If your right eye causes you to sin, tear it out and throw it away. For it is better that you lose one of your members than that your whole body be thrown into hell. And if your right hand causes you to sin, cut it off and throw it away. For it is better that you lose one of your members than that your whole body go into hell.
Matthew 5:29-30
This may be what Jesus is referring to when He says, “From the days of John the Baptist until now the kingdom of heaven has suffered violence, and the violent take it by force” (Matthew 11:12)1. Taking the kingdom by force might be a way of repeating what Jesus says about the fight against lust: Tear out your eye or cut off your hand — do whatever it takes — to inherit the kingdom and not go to hell. Take the kingdom by force — force against your sin, not force against God. The battle for righteousness in our hearts is fierce.
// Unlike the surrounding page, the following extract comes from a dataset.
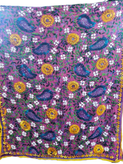 Phulkari (Punjabi: ਫੁਲਕਾਰੀ) refers to the folk embroidery of the Punjab. Although Phulkari means floral work, the designs include not only flowers but also cover motifs and geometrical shapes.The main characteristics of Phulkari embroidery are use of darn stitch on the wrong side of coarse cotton cloth with coloured silken thread. Punjabi women create innumerable alluring and interesting designs and patterns by their skilful manipulation of the darn stitch

Notice three things about this battle. One is that the eye is the first organ to be attacked. “If your right eye causes you to sin, tear it out.” Even though the issue is sexual sin, He does not say, “Cut off your sexual organ to avoid the deed.” He says, “Tear out your eye to avoid the desire.” The battle is for purity of heart before the purity of the bed. Without the purity of heart, everything in the bed is impure.
Second, notice that He says to tear out our right eye. The significance of this is that it leaves the left one intact to awaken just as much lust as before. Therefore, Jesus’ point is not that literally tearing out the right eye is going to solve anything. The point is not that inward desires can be controlled by external maiming. The point is how enormous the stakes are. They are so great, we must do what we have to do to defeat the bondage of sinful desire. It is astonishing how many people deal with their sin casually. Jesus demands otherwise. Fight for a pure heart with the same urgency as tearing out an eye and cutting off a hand.
Third, notice what is at stake: hell. “It is better that you lose one of your members that that your whole body be thrown into hell.” Many Christians who love the truth of justification by grace alone through faith alone — which I love, and which I believe Jesus teaches — find it difficult to take these threats of Jesus at face value. But there is no way to avoid them. They are strewn throughout the Gospels, and they clearly imply that if we forsake the battle for purity, we will perish.
1 See George Ladd, The Presence of the Future (Grand Rapids, Mich.: Eerdmans, 1974), 163-164.
Source: Piper, John. What Jesus Demands From the World (Wheaton, Illinois: Crossway Books, 2006), 207-208.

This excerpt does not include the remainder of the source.